L’operazione ha portato all’arresto di tre uomini, tutti già noti alle forze dell’ordine, ritenuti, allo stato degli atti e fatte salve le successive valutazioni dell’autorità giudiziaria, gravemente indiziati di reati in materia ambientale.

La scoperta

Nel corso delle verifiche eseguite in un’area pertinenziale situata in una zona residenziale della città normanna, i militari hanno rinvenuto una consistente quantità di materiali classificati come rifiuti speciali pericolosi. Tra questi numerose batterie per autoveicoli, componenti e ricambi meccanici, apparecchiature elettroniche dismesse, radiatori, una lavatrice, un lavello in acciaio e altro materiale potenzialmente in grado di provocare gravi conseguenze per l’ambiente e la salute pubblica se non correttamente smaltito.

Il sequestro

L’area interessata, estesa per circa quaranta metri quadrati, è stata immediatamente sottoposta a sequestro per consentire gli ulteriori accertamenti tecnici e impedire ogni possibile dispersione di sostanze inquinanti.

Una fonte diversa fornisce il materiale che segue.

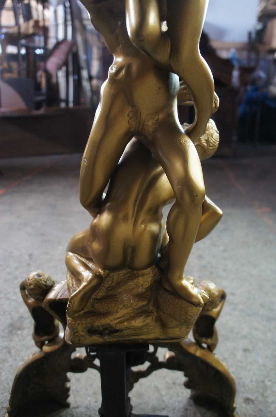 An elegant and rare set of figural Renaissance Revival andirons, chestnuts or firedogs. A depiction of Giambologna's Abduction of a Sabine Woman. Made from Bronze and finished in Gold. Features 3 outstretched figures above an ornate base of caryatids and cherubs centered by a lion crest. Log holder is made from iron.

L’attività investigativa, coordinata dalla Stazione Carabinieri di Aversa e condotta con il supporto dei reparti territorialmente competenti, si inserisce nel più ampio dispositivo di contrasto ai reati ambientali predisposto dall’Arma dei Carabinieri, con particolare attenzione ai fenomeni legati all’abbandono e allo stoccaggio illecito di rifiuti.

Dell’operazione sono state informate l’Autorità giudiziaria e quella amministrativa competenti. Il procedimento si trova nella fase delle indagini preliminari e, pertanto, gli indagati devono ritenersi presunti innocenti fino a eventuale sentenza irrevocabile di condanna.